What Is a Traditional Event Study?
A traditional event study, as developed in the finance literature, measures the impact of a specific event on the market value of a firm by analyzing abnormal stock returns. The methodology was formalized by Fama, Fisher, Jensen, and Roll (1969) and has since become one of the most widely used empirical tools in financial economics.
The approach works as follows. During an estimation window prior to the event, a model of expected returns (typically the market model) is estimated for each firm. During the event window, the abnormal return is computed as the difference between the firm's actual return and the return predicted by the model.
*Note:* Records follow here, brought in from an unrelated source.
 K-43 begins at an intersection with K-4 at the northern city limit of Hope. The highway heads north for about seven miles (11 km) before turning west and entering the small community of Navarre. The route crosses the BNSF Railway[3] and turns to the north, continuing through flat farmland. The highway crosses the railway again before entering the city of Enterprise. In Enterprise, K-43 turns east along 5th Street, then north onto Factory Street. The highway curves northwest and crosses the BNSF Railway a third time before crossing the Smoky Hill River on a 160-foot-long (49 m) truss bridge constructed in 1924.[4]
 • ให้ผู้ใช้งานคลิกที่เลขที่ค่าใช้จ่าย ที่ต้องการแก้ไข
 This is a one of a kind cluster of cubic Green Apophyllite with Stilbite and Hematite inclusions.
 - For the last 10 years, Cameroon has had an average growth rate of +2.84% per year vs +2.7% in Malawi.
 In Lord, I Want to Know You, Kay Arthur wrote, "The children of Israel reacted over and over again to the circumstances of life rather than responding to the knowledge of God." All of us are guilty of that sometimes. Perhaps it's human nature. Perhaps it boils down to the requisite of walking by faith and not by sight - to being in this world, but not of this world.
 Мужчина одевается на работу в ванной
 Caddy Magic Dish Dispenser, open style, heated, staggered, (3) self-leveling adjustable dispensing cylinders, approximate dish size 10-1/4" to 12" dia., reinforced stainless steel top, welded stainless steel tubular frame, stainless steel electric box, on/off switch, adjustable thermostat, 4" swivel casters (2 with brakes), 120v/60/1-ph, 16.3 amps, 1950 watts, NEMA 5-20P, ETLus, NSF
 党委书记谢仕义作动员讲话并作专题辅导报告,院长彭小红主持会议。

These abnormal returns are then aggregated across firms and tested for statistical significance.
Traditional event studies are particularly well-suited to settings where: the event is well-defined and precisely dated; the outcome of interest is a financial market return; the event affects a clearly identified set of firms; and the efficient market hypothesis provides a credible basis for the counterfactual (i.e., what the return would have been without the event).
What Is Difference-in-Differences?
Difference-in-differences is an econometric technique that estimates the causal effect of a treatment or policy by comparing the change in outcomes over time between a treatment group (units affected by the event) and a control group (units not affected). The "first difference" removes time-invariant confounders within each group, and the "second difference" accounts for common time trends that affect both groups equally.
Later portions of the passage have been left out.